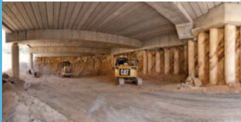
Latest photos of the GCRT Tunnel
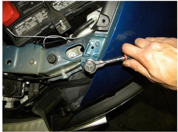
24. Tighten the (2) 10mm bolts
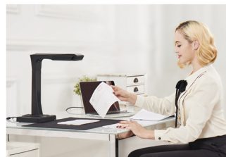
Accounting / Finance
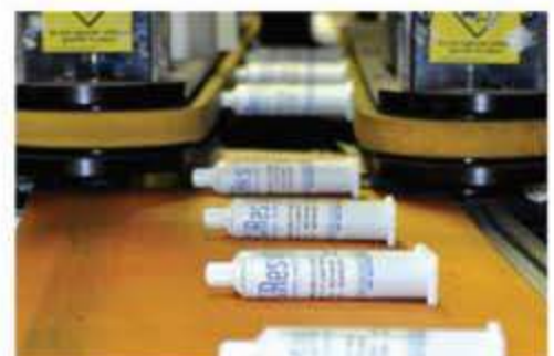
Extensive Labeling Capabilities
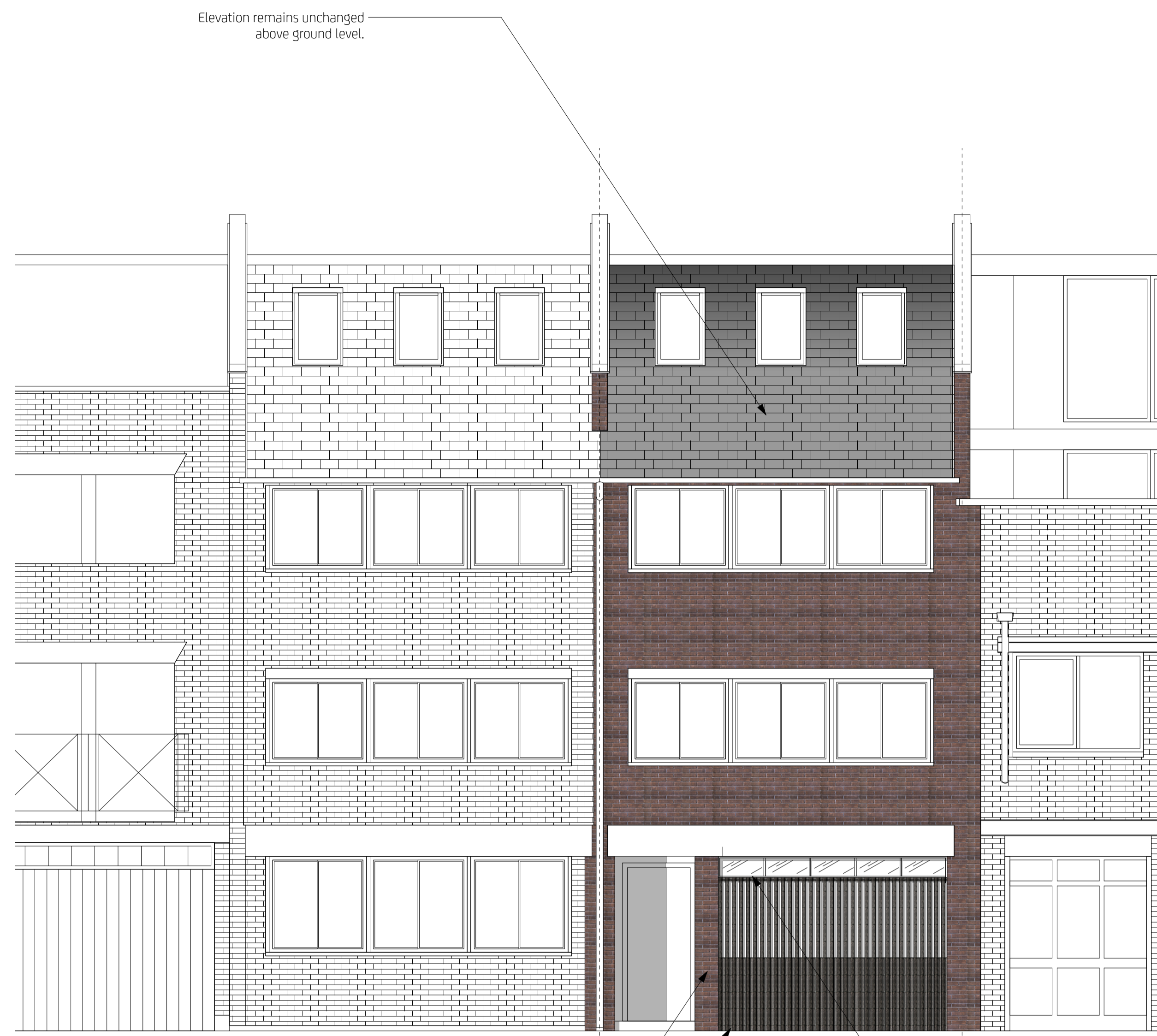
GE01 Proposed Front Elevation Scale 1:50@A1, 1:100@A3

Elevation remains unchanged above ground level. Brick to match existing. Elevation sensitive to street character and rhythm. Timber slats used and inset to compliment garage frontages along street. Gaps between timber slats at higher level allow light and outlook whilst maintaining privacy. High level windows above timber screen allow light and are reflective of street character.
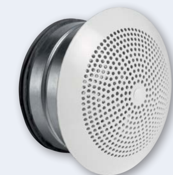
ELEGANT-VE Residential Supply Diffuser
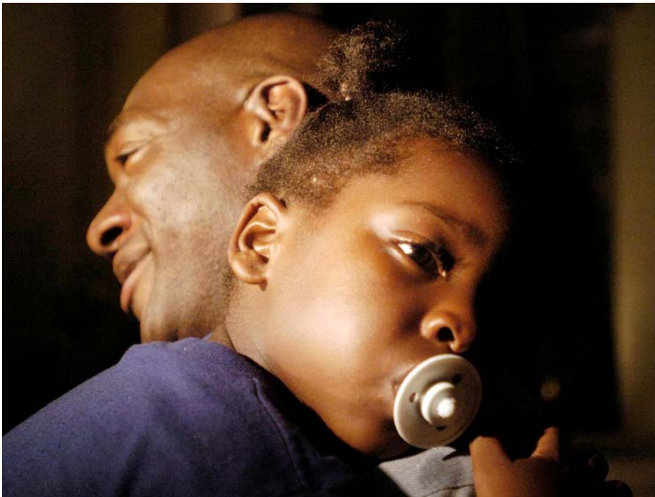
José Contreras is reunited with his wife and two daughters after a two-year separation.

Many thousands of others have opted for a risky escape on the high seas. A well-known recent example is that of José Contreras , now a pitcher in Major League Baseball, who defected from Cuba in October 2002, but was unable to get his wife and young children permission to leave. Officials of the Cuban government reportedly told Contreras’s wife
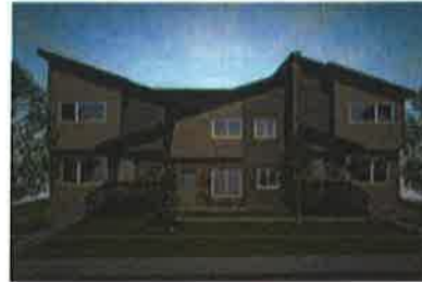
25 homes Bowness, Calgary
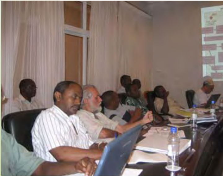
SC meeting in Kinshasa

The consultants' report dwelt on a number of issues related to governance and management and put forward a number of recommendations
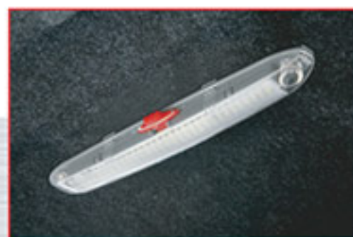
L.E.D. Interior Light with on-off switch.
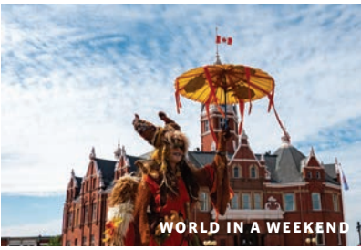
WORLD IN A WEEKEND
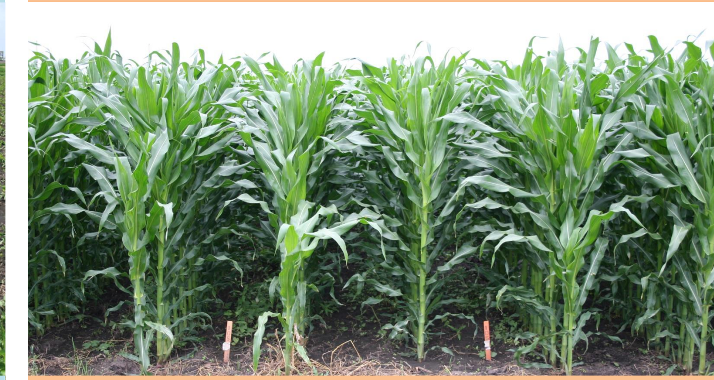
Treatment 5- Untreated Check, taken 28 DAT
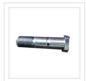
20MNCr5 Small Bell Crank Pin
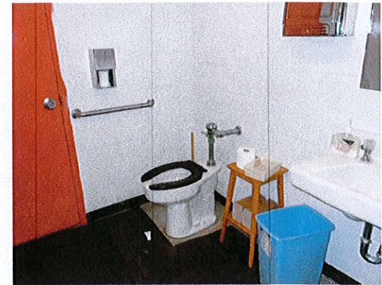
Photo 3: The women's toilet room is large enough to provide accessibility. Convert this to a single-user accessible toilet room.
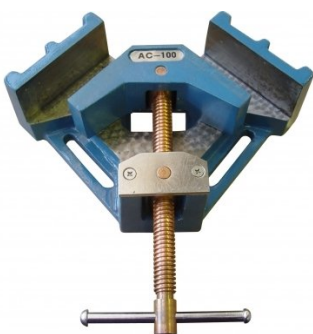
V100 90 degree Angle Vice Clamp
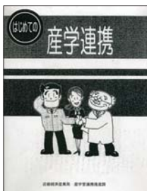
■ Guidebook Guide to Industry-Academia Collaboration
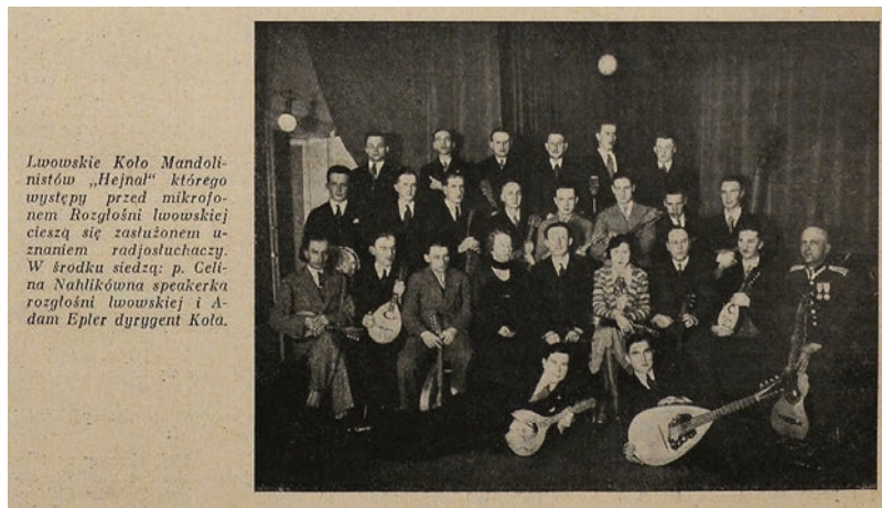
Illus. 3: The radio photo of 'Hejnał' from 1931.

The collaboration between 'Hejnał' and the Polish Radio Lviv took place practically from the beginning of the radio's activity. Polish Radio Lviv was officially launched on 15 January 1930 31 and already on 17 May 1931 the Radio magazine published a photo of the orchestra with the caption: "The Lviv Mandolin Society "Hejnał" whose performances in front of the microphone of the Radio Lviv enjoy the well-deserved recognition of radio listeners." 32
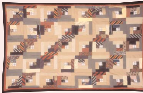
Twin Bed Quilt composed of ties, shirts and pants. Finished with blanket backing.

"Everyone who sees our wall hanging is deeply touched. We loved my father and we miss him. This gives us a way to be with him in spirit."
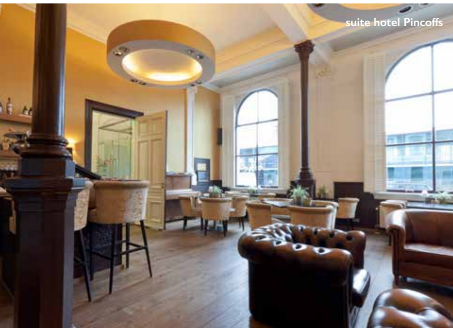
suite hotel Pincoffs

Rotterdam , another five-star hotel, even shares a roof with its own high-end club the hip lounge and cocktail bar HUGH. Room Mate Bruno has the covered stalls of the Foodhallen in its own backyard – a place where you'll find so many appealing options, you may need to extend your stay by a few nights.
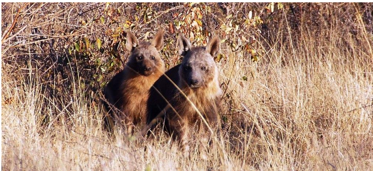
Brown Hyaenas

————

PROMPT: An exact copy is needed of every line from the line containing "suite hotel Pincoffs" to the last line of the records; pictures stay out of it.

YOUR SOLUTION:
suite hotel Pincoffs

Rotterdam , another five-star hotel, even shares a roof with its own high-end club the hip lounge and cocktail bar HUGH. Room Mate Bruno has the covered stalls of the Foodhallen in its own backyard – a place where you'll find so many appealing options, you may need to extend your stay by a few nights.
Brown Hyaenas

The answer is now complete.